Vicious looked at our Prez and simply said, “You need to call Reaper sooner rather than later.”

Reaching for his phone, Montana laid it on the table before him and hit the call button. He didn’t have to wait long for the call to connect.

“Hang on, fucknuts.” I clearly heard Reaper right before he yelled, “I don’t give a fuck, Bullseye! Go pick a brother and find the motherfucker before he kills anyone else, and someone get me Hawk on the phone. I want my daughter found yesterday!”

“I can go with Bullseye, boss.”

Reaper snarled, “You step one foot out of this clubhouse, Massacre, and so help me God, I will slice off your fucking legs. Ghost, call Kansas and tell him to expect company soon.”

“Kansas ain’t gonna like us just popping into Diamondback country.”

“I don’t give a flying fuck!” Reaper shouted. “I wouldn’t even be going to that godforsaken place if your brother hadn’t lost his fucking temper! Just make it happen.”

With that, we all heard a door slam seconds before Reaper sighed. “You’ve got five minutes before I hang up. What the fuck do you want now?”

“Meredith Doherty.”

“Valhalla? What about her?”

“I’m going to hand the bitch over to Morpheus.”

Reaper growled and then threatened, “You really want to start a war with me you can’t finish, fucknuts?”

“She’s working with Dakota, Max. You remember him, don’t you? Wasn’t he the one kissing your wife? Or have you forgivenhim?” Montana grinned as Reaper growled again. “Speaking of brothers, why the fuck are you going to see my baby brother in Oklahoma?”

“Because his VP screwed up big time when he knocked up a child of the Trick Pony.”

“How is that a problem unless the girl was a minor at the time of conception?”

Dead. Motherfucking. Silence.

“You’ve got to be fucking kidding me!” Montana roared.

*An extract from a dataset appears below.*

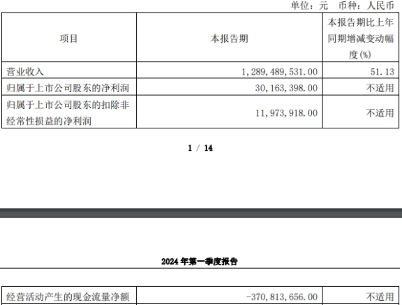 2024年第一季度,格科微实现营业收入12.89亿元,同比增长51.13%;实现归属于上市公司股东的净利润3016.34万元;实现归属于上市公司股东的扣除非经常性损益的净利润1197.39万元;经营活动产生的现金流量净额为-3.71亿元。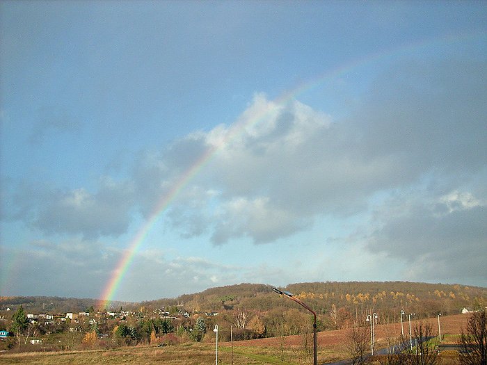 Autor: khhKurz vor 15:00 Uhr schaute noch einem kräftigen Regenguss die Sonne am Himmel heraus und zauberte einen schönen Regenbogen an den Himmel. Schnell Kamera geholt und dokumentiert.

“Nope, and the statute of limitations in Oklahoma is twelve years. The kid is barely three. Pence is screwed and looking at doing time.” Reaper sighed and then added, “If that wasn’t bad enough, Slaughter has found himself on the receiving end of Shadow’s bad side, and Kansas needs Ghost to referee before Shadow reverts to his old ways. Plus, I need to talk to Kansas.”

“Why?”

Reaper roared with laughter, then quickly sobered. “That’s none of your fucking business, fucknuts. We are not BFFs. Unless you are feeling magnanimous and are officially giving me your Alabama club, that you technically owe me?”

Montana dropped his head to the table and banged it a few times, cursing as he tried to rein in his temper. Only Reaper could drive Montana to the brink and needle the fucker to death without pushing him over the edge.

Taking a deep breath, Montana lifted his head and sighed. “Fine. Vicious is a dual member, but Fury comes home!”

“Uh.” Fury cautiously lifted his hand. “Not taking my girls away from Linsey, asshole. Or have you forgotten she is their aunt?”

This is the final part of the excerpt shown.